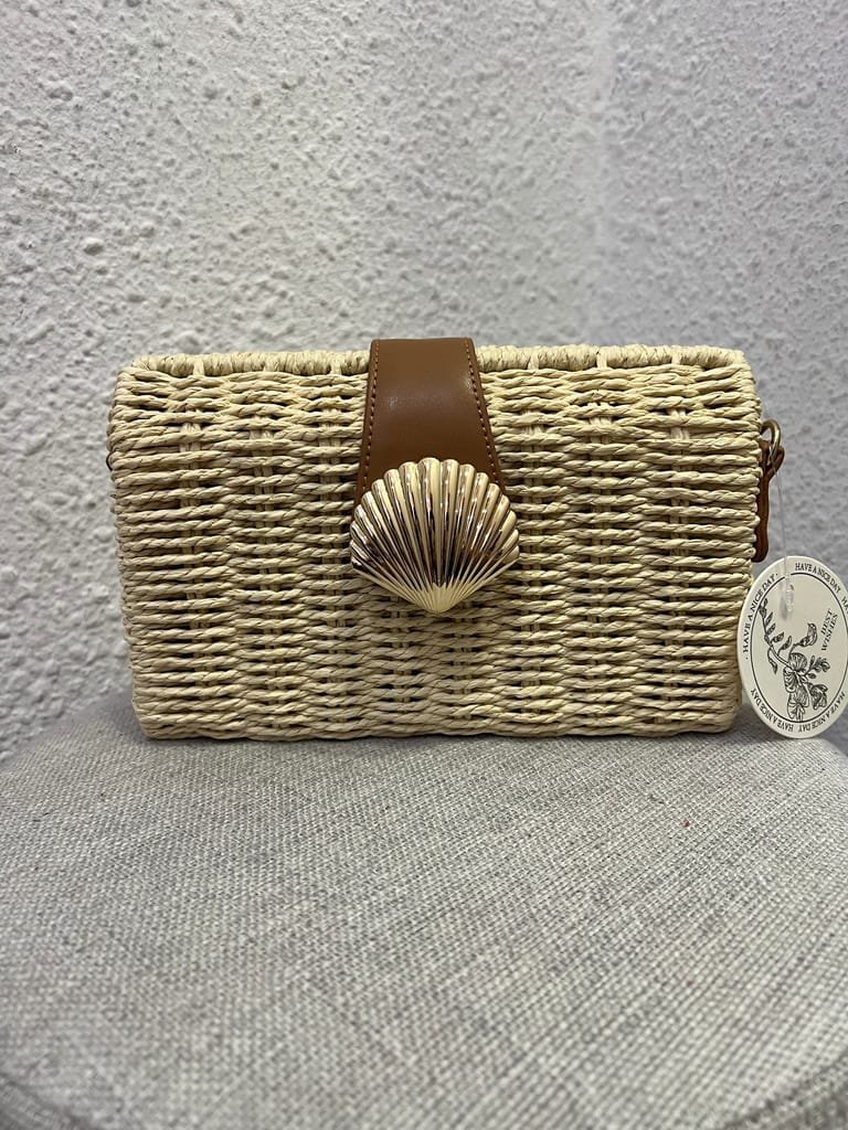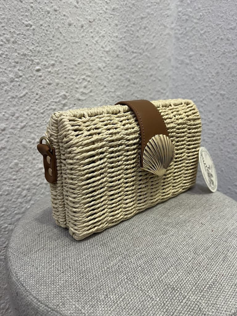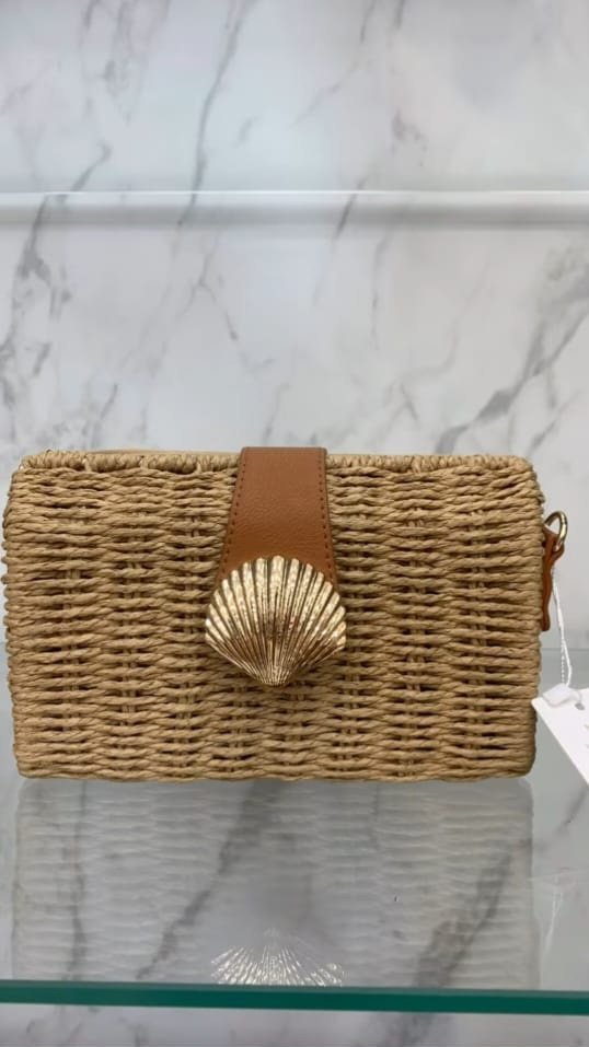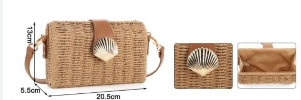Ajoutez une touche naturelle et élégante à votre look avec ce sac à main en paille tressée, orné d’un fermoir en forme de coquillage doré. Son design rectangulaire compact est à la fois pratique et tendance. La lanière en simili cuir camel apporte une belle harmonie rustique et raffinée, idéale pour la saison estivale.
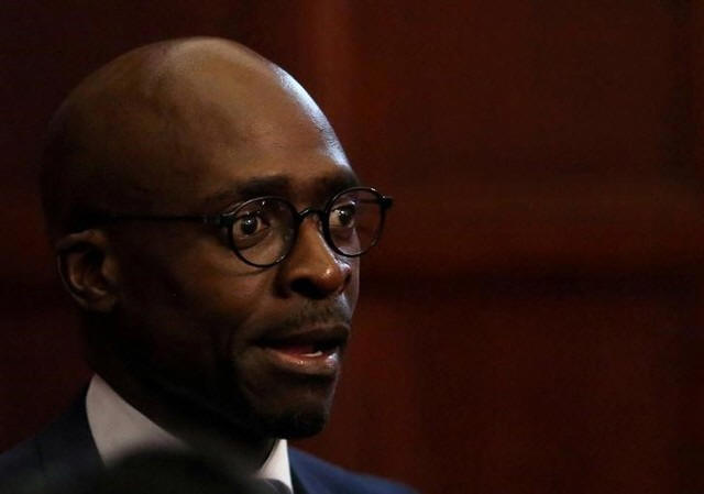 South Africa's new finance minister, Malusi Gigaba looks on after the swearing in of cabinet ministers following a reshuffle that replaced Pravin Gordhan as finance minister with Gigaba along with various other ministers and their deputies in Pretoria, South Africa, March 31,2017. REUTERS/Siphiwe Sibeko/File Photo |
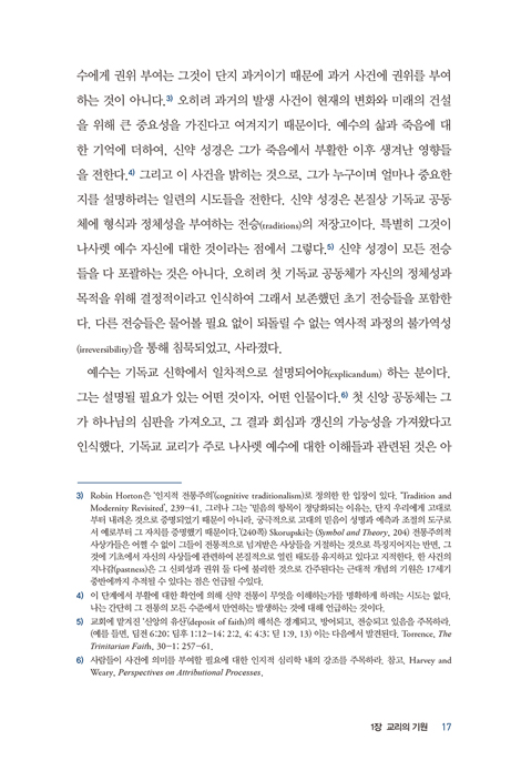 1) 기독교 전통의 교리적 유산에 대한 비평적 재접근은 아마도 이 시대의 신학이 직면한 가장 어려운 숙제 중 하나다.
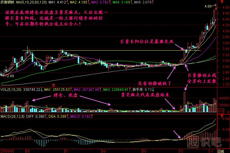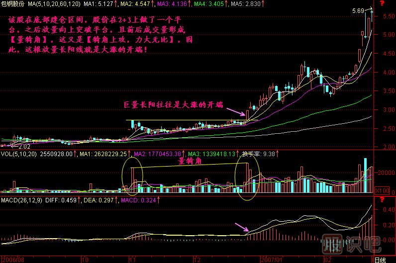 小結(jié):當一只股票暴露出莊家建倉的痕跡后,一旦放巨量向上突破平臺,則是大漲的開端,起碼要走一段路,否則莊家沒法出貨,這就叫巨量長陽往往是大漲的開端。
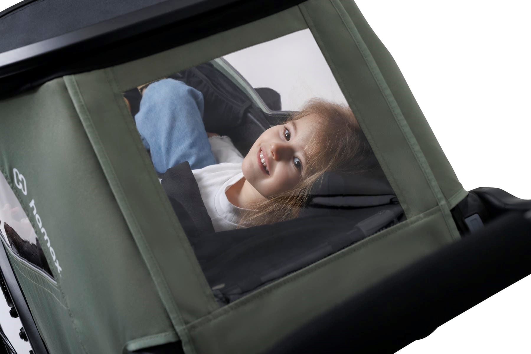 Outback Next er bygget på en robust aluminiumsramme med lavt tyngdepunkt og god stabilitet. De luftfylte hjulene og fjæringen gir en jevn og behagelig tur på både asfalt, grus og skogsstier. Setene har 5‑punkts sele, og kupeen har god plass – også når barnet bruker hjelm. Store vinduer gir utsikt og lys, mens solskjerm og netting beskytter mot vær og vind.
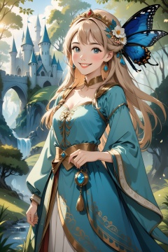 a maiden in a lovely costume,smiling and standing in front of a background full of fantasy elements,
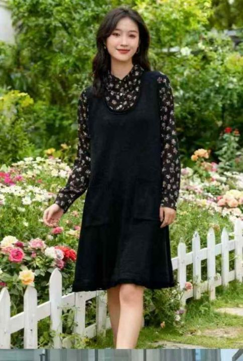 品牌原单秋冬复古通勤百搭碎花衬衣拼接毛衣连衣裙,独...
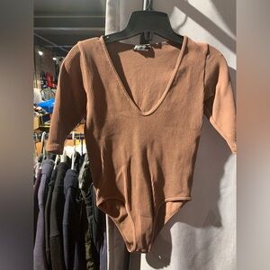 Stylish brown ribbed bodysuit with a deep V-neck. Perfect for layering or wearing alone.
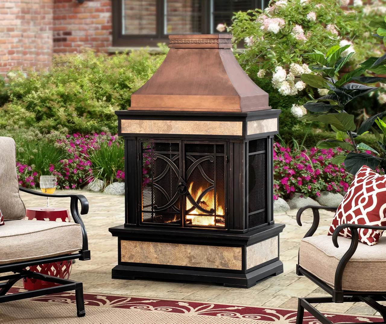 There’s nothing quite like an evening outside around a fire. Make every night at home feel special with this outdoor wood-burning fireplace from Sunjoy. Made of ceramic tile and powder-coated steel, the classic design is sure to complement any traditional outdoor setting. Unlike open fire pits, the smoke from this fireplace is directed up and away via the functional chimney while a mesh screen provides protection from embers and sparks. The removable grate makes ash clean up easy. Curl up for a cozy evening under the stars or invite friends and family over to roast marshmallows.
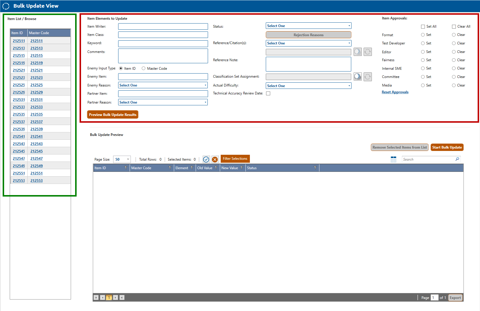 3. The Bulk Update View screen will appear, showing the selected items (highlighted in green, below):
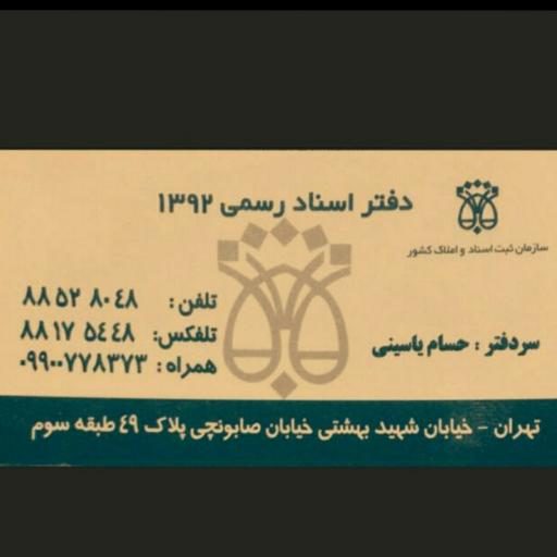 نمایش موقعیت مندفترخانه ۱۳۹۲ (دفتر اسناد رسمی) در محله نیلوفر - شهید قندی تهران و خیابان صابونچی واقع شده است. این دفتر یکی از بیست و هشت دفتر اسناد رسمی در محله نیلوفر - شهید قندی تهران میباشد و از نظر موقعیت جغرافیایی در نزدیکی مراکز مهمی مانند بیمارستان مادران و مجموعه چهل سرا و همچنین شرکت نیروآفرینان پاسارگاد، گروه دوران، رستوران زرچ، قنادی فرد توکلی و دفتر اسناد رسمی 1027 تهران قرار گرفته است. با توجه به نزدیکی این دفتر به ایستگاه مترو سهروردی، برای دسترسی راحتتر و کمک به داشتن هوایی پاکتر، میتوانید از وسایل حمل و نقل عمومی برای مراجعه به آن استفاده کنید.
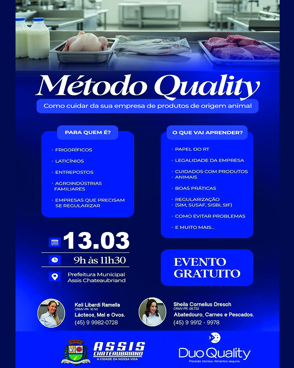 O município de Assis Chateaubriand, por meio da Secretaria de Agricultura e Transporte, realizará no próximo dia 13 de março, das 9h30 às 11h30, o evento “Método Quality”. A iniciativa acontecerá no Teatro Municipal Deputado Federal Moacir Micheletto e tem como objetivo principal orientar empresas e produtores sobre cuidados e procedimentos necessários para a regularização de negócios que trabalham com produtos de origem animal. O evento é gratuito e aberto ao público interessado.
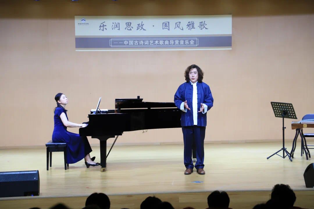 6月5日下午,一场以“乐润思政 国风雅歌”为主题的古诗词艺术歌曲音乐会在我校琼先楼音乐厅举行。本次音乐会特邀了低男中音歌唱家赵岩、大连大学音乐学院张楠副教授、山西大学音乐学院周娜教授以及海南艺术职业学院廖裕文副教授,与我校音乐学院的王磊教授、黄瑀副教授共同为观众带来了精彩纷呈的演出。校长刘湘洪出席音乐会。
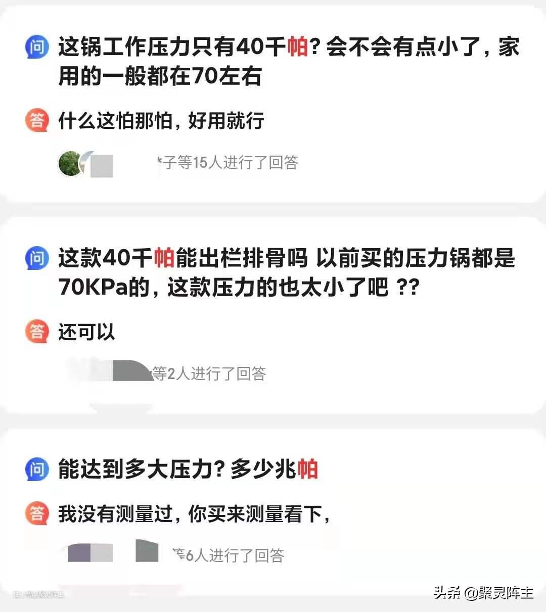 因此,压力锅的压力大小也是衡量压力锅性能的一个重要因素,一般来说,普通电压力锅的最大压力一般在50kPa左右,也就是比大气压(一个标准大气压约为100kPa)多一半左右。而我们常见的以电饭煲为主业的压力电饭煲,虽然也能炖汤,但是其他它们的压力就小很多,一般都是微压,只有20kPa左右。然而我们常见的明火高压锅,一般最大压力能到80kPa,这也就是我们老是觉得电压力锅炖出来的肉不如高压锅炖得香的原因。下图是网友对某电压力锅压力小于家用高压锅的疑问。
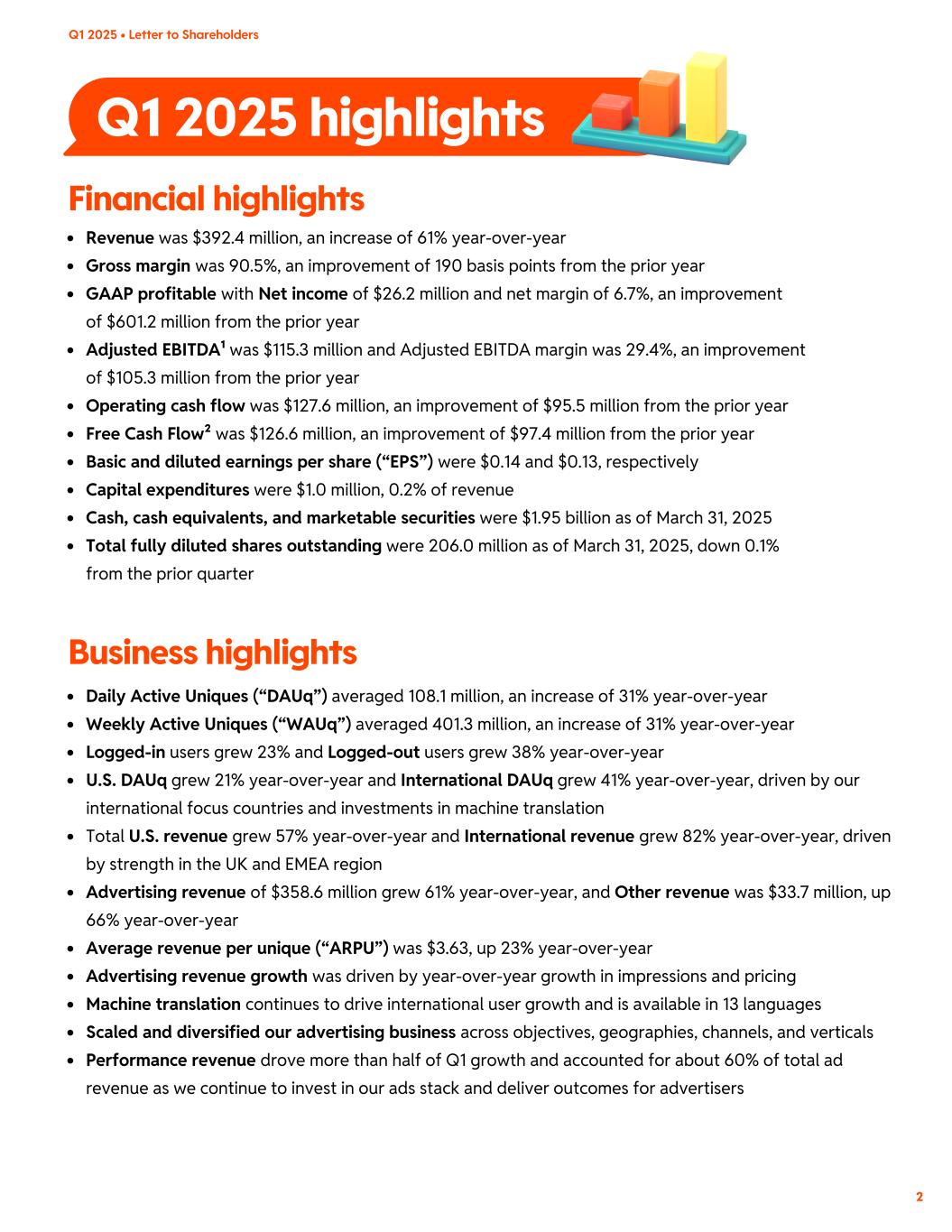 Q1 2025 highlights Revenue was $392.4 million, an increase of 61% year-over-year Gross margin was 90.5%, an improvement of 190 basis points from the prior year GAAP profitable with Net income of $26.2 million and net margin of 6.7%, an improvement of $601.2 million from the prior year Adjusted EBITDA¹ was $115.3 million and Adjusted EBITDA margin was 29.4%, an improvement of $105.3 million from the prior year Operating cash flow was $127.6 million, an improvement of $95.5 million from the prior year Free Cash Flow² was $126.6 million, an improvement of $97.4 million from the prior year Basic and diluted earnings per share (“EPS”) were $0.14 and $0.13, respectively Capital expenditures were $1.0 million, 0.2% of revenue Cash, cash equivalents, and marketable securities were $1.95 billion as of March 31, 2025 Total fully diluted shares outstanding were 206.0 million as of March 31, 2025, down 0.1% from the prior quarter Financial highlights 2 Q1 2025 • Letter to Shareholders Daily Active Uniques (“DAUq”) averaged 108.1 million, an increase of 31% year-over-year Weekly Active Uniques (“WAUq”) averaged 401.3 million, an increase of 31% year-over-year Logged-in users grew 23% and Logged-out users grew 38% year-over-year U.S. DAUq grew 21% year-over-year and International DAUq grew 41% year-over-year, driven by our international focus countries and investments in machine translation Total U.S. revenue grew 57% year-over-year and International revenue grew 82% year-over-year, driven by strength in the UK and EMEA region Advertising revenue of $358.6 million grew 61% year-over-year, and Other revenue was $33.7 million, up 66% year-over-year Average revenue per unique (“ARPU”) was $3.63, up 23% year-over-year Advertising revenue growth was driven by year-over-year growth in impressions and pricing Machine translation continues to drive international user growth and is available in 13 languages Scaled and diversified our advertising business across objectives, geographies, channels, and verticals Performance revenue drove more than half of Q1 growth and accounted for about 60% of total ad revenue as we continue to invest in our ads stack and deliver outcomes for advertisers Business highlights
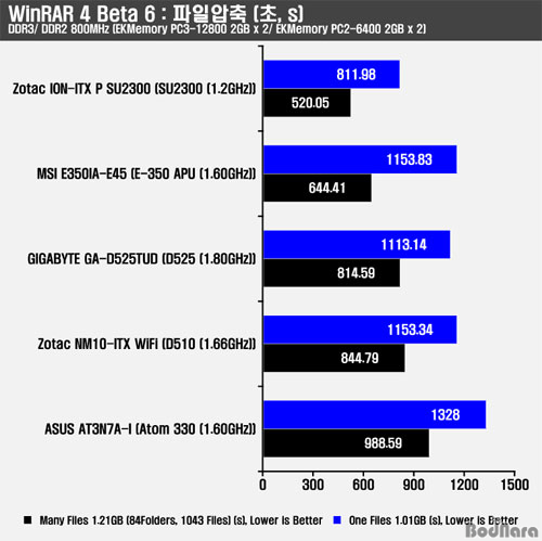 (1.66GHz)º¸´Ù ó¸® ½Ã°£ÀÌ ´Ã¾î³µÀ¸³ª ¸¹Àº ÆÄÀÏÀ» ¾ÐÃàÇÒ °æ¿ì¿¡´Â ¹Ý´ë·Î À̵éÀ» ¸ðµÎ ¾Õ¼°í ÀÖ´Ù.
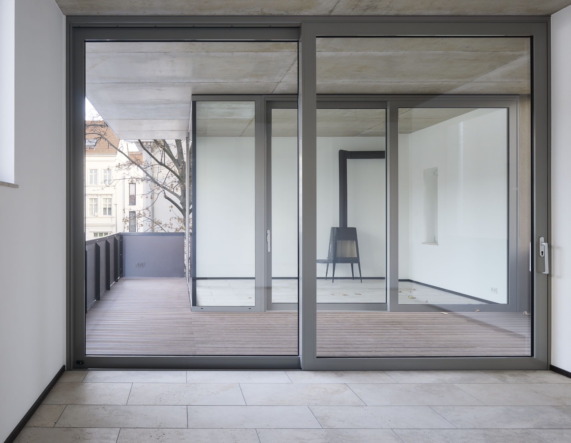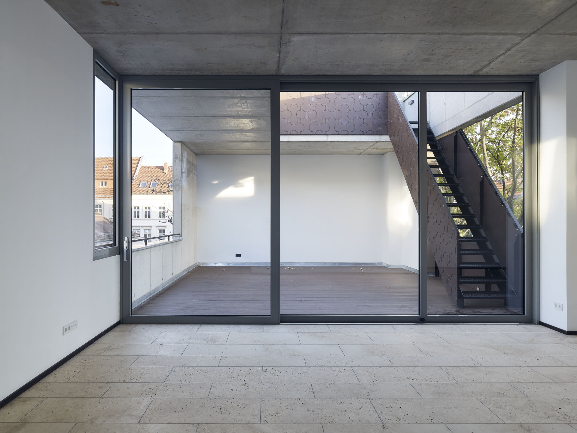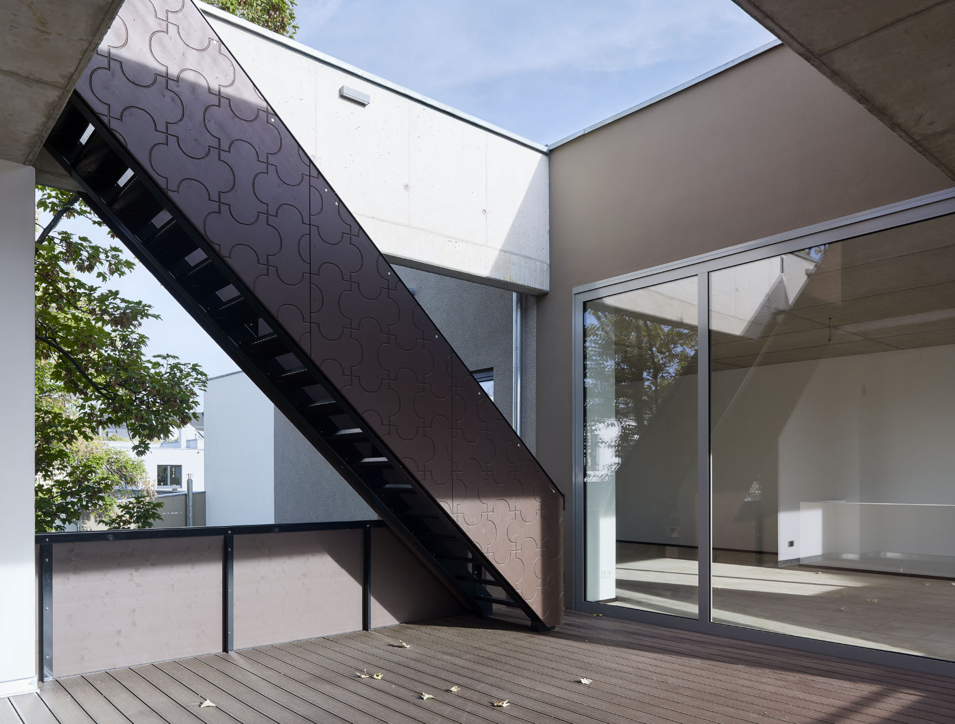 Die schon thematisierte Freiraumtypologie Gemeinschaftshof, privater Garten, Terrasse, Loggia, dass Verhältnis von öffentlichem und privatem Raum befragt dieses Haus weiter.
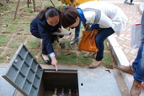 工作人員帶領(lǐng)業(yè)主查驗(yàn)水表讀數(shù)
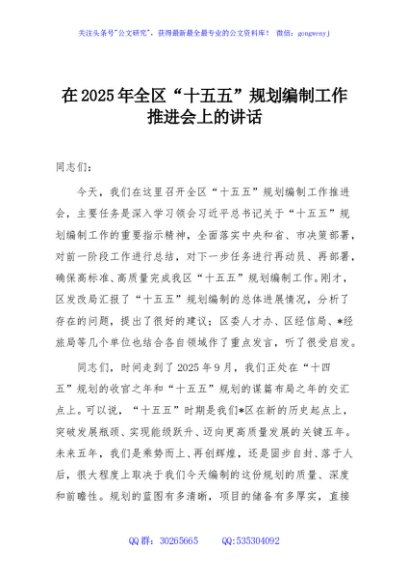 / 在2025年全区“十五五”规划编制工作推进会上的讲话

[THE TASK]
What is needed is an exact repeat of only the lines from the one containing "(1.66GHz)º¸´Ù ó¸® ½Ã°£ÀÌ" through the last line of the listing above, both ends included, without the pictures.

[REPLY TO THE EXERCISE]
 (1.66GHz)º¸´Ù ó¸® ½Ã°£ÀÌ ´Ã¾î³µÀ¸³ª ¸¹Àº ÆÄÀÏÀ» ¾ÐÃàÇÒ °æ¿ì¿¡´Â ¹Ý´ë·Î À̵éÀ» ¸ðµÎ ¾Õ¼°í ÀÖ´Ù.
 Die schon thematisierte Freiraumtypologie Gemeinschaftshof, privater Garten, Terrasse, Loggia, dass Verhältnis von öffentlichem und privatem Raum befragt dieses Haus weiter.
 工作人員帶領(lǐng)業(yè)主查驗(yàn)水表讀數(shù)
 / 在2025年全区“十五五”规划编制工作推进会上的讲话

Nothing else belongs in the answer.